Rangers discover body after day hikers report finding a pack and bloody clothes Friday afternoon along the Toklat River. The body is believed to have been dead for about three days and the remains were not recovered until today as it was getting dark and there are as many as 12 bears in the area.

The following link is a better acount of the story:
http://www.adn.com/2012/08/25/2599545/h ... ar-in.html


----------



## bigbr (Oct 24, 2007)

The recovery of the hiker's remains continues this afternoon. A large boar who was on the kill site was killed, and there is good reason to believe this is the bear that killed the hiker. A necropsy will occur. The bear was shot from a helicopter by an Alaska State Trooper who was assisting the NPS. The initial investigation last night and this afternoon leaves us believing that the hiker did not have bear spray and did not have a firearm. There is evidence that he spend 8 minutes or more taking pictures of the bear prior to the attack from a distance of perhaps 50 yards. Park regulations require and our pre-trip briefings emphasize that backcountry users to back away from bears that are less than 1/4 mile away.

Updated news releases will be posted on the park web site, www.nps.gov/dena and I'll be putting links to them in the Resource Management section of this forum.

John Quinley
NPS Public Affairs


----------



## utahgolf (Sep 8, 2007)

terrible way to go out


----------



## Squigie (Aug 4, 2012)

The rules are there for a reason.
He ignored them, and paid for it.


----------



## bigbr (Oct 24, 2007)

Man identified: 
49-year-old San Diego, Calif., resident Richard White

Read more here: http://www.adn.com/2012/08/25/2599545/h ... rylink=cpy


----------



## Gumbo (Sep 22, 2007)

I came across a big grizzly while hiking out after 3 weeks on Denali.

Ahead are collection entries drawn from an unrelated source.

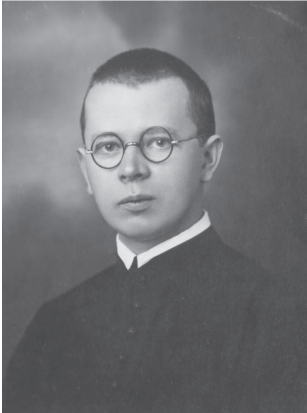
Hajdú Lukács (1898–1960)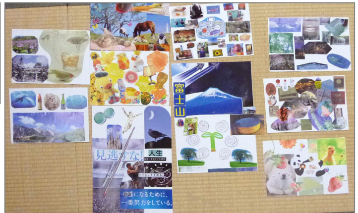
出来上がった作品。どれが誰のかわかります？

その後はコラージュ療法の効果や見方について学んだり、さらに他の人の作品を見て意外だったり、納得したり。コラージュそのものも楽しいと好評でした！！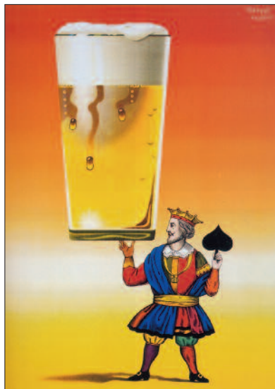
Herbert Leupin – Plakat, 1953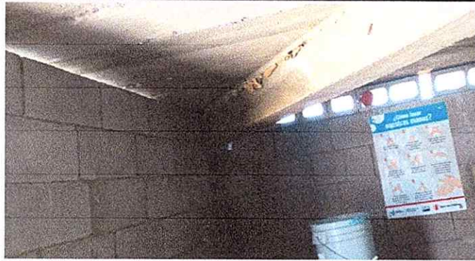
MODULO 1: REMODELACIÓN DE PAREDES Y TERRAZA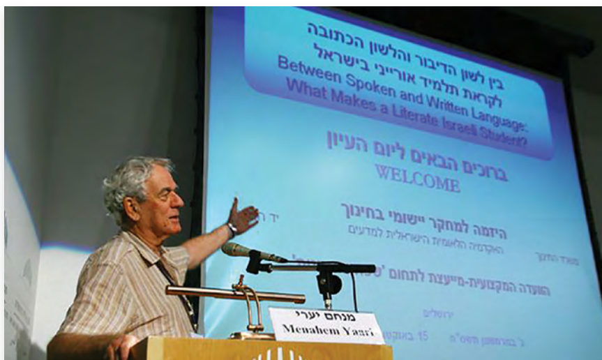
פרופ' מנחם יערי נושא דברים ביום עיון של ה"יזמה - מרכז לידע ומחקר בחינוך", 2008

בעת כהונתו היה פרופ' יערי מעורב גם בהקמת ה"יזמה למחקר יישומי בחינוך", או בשמה כיום "יזמה - מרכז לידע ומחקר בחינוך". ה"יזמה" הושקה בתחילת שנות האלפיים כמיזם משותף של האקדמיה הלאומית הישראלית למדעים, משרד החינוך וקרן "יד הנדיב". המיזם שם לו למטרה להשתמש בידע מחקרי בתהליכי העיצוב של מדיניות חינוך.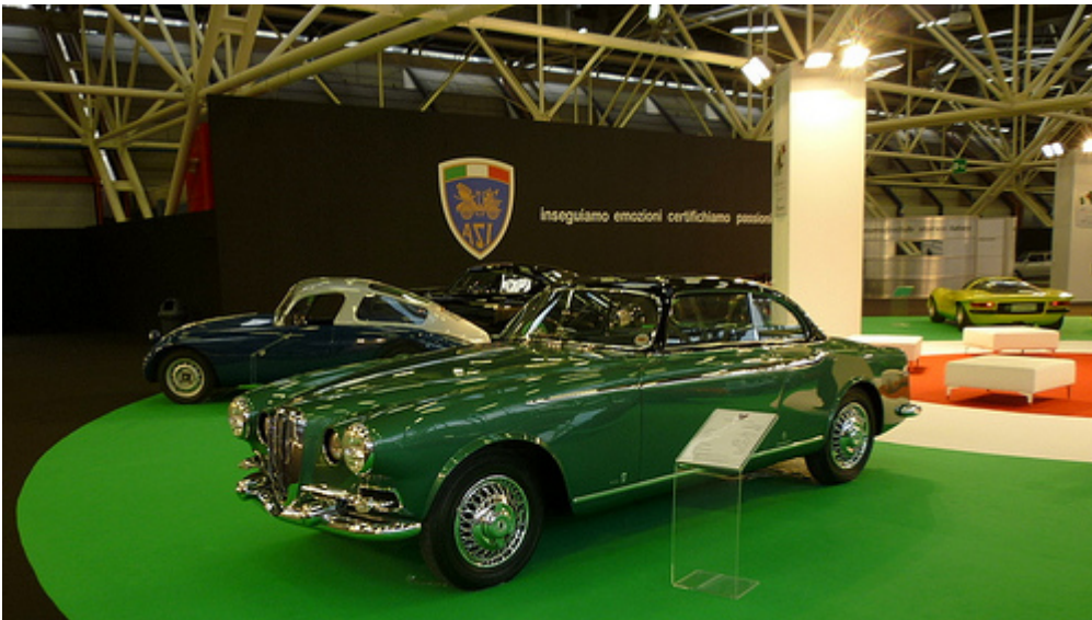
In primo piano la Lancia Aurelia B52 carrozzata da Vignale nel 1952 ed in secondo piano la Fiat 1100 Ala Doro del 1947 , due bei esempi di auto sportive italiane.

He was on the trail and we didn't see him until we were about 50 yards from him. He stood up on his hind legs to check us out, and I got really worried. We backed up and walked way around. Amazing animals, but not one I want to get any closer to.


----------



## Duckholla (Sep 24, 2007)

I can't imagine the terror of that unfortunate situation, especially with what looks like no line of defense. Whether he broke the rules or not, I wouldn't wish that upon anybody. I feel horrible for his family.

Good lesson for us all. Be prepared, and pay attention to what the experts recommend.


----------